They watch me from aquariums of normalcy,
faces pressed against spotless glass. I swim
in waters they’ve never tasted—sometimes mercury,
sometimes honey. Televisions grow from my fingertips
broadcasting weather patterns from extinct planets. They call it
disorder.
I call it the universe breathing through my bones
At the pharmacy, orange bottles rattle
like tiny maracas. The pharmacist’s eyes
slide sideways when I approach. As if madness
might leak from my pores, contaminate
the vitamin display, the greeting cards, the floor where
children stand.
When I’m flying, the world below me thinks
I’ve lost my tether. Truth is, I’ve found
a different gravity. My blood turns to stardust,
my words to prophecy. I could build cathedrals
with my bare hands, decode the language of crows,
rewrite the periodic table with elements
they haven’t discovered yet.
Then the crash—a thousand-pound suit
of medieval armor. My shadow weighs more
than my body, drags behind me like a wedding dress
made of tombstones. Each step an argument
against continuing. The checkout clerk asks
how are you today? and doesn’t understand
why tears suddenly flood the conveyor belt,
turning into tiny glass fish that swim between
cereal boxes.
My doctor said: balance. As if I am a seesaw
that just needs proper calibration. As if
the earth doesn’t tilt on its axis
in perfect imbalance.
At dinner parties, they serve me
careful conversation, pre-chewed topics
on silver platters lined with eggshells.
Forks turn to tuning forks in my hands,
humming frequencies only bats can interpret.

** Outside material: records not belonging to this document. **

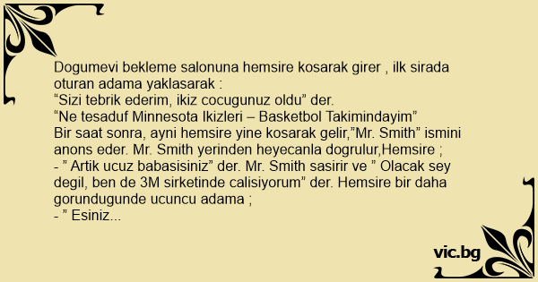 - ” Artik ucuz babasisiniz” der. Mr. Smith sasirir ve ” Olacak sey degil, ben de 3M sirketinde calisiyorum” der. Hemsire bir daha gorundugunde ucuncu adama ;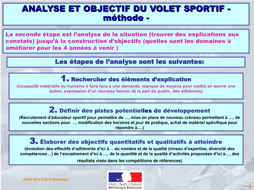 La seconde étape est l’analyse de la situation (trouver des explications aux constats) jusqu’à la construction d’objectifs (quelles sont les domaines à améliorer pour les 4 années à venir ) ANALYSE ET OBJECTIF DU VOLET SPORTIF - méthode - Les étapes de l’analyse sont les suivantes: 1. Rechercher des éléments d’explication(incapacité matérielle ou humaine à faire face à une demande, manque de moyens pour mettre en œuvre une action, expression d’un nouveau besoin de la part du public, des adhérents) 2. Définir des pistes potentielles de développement(Recrutement d’éducateur sportif pour permettre de …, mise en place de nouveau créneau permettant à …, de nouvelles sections pour …, modification des horaires et jour de pratique, achat de matériel spécifique pour répondre à.…) 3.Élaborer des objectifs quantitatifs et qualitatifs à atteindre(évolution des effectifs d’adhérents d’ici à… du nombre et de la qualité (niveau d’expertise, diversité des compétences…) de l’encadrement d’ici à …, de la quantité et de la qualité d’activités proposées d’ici à…, des résultats visés dans les compétitions de références) CNDS 2014 DJSCS Martinique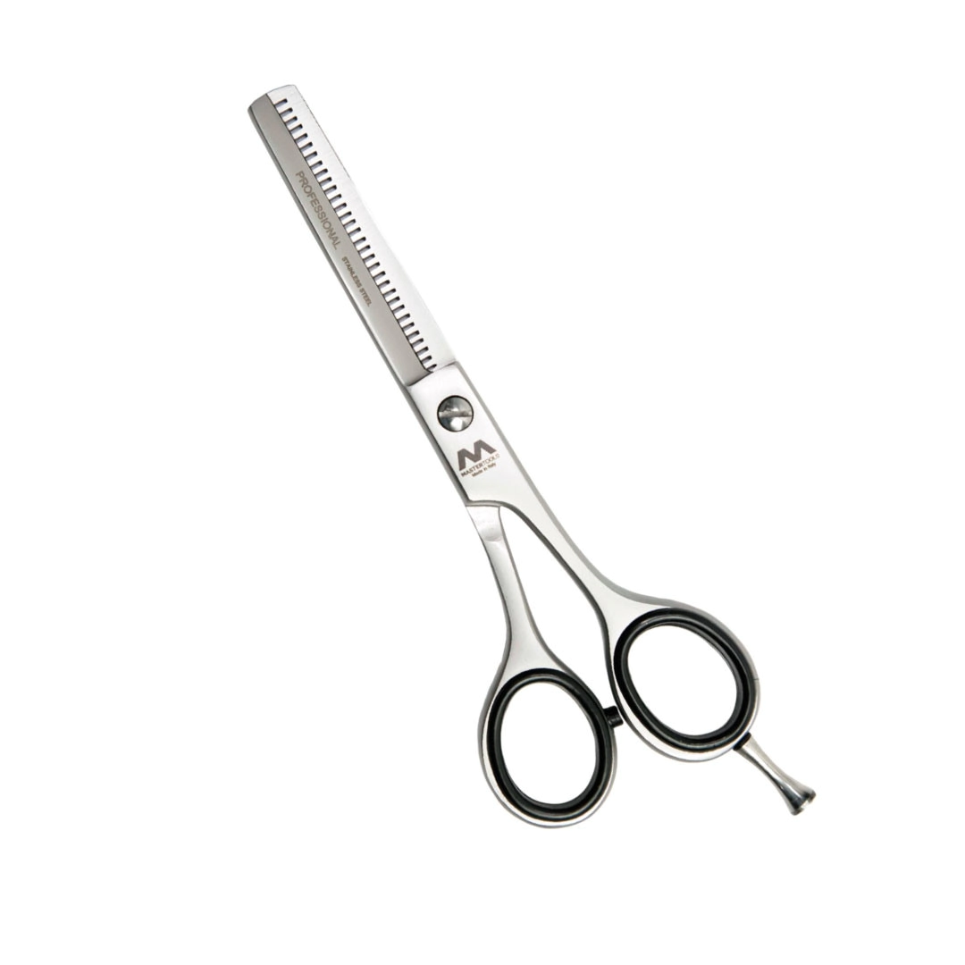 Fabricada en acero inoxidable de alta calidad, es una herramienta con hoja dentada que remueve hasta el 50% del volumen del cabello en cada corte, ideal para texturizar, reducir bulk y blending capas sin dañar el cabello ni dejar marcas visibles. Su diseño ergonómico incluye mangos offset con anillos ajustables y tensión regulable, que minimizan la fatiga en la mano durante sesiones prolongadas. Con un acabado metálico satinado para mayor durabilidad y resistencia a la corrosión, ofrece cortes precisos y suaves en cabello húmedo o seco. Perfecta para estilistas y barberos profesionales que buscan precisión y comodidad en su kit diario.

They treat my brain like unexploded ordnance,
something to be cordoned off, approached
with specialized equipment.
Sometimes I see others like me. We recognize
each other by the weather patterns in our eyes—
the strange barometric pressure of being
simultaneously too much and not enough.
We nod across crowded rooms.
I am not your cautionary tale.
I am not the before picture in your pharmaceutical ad.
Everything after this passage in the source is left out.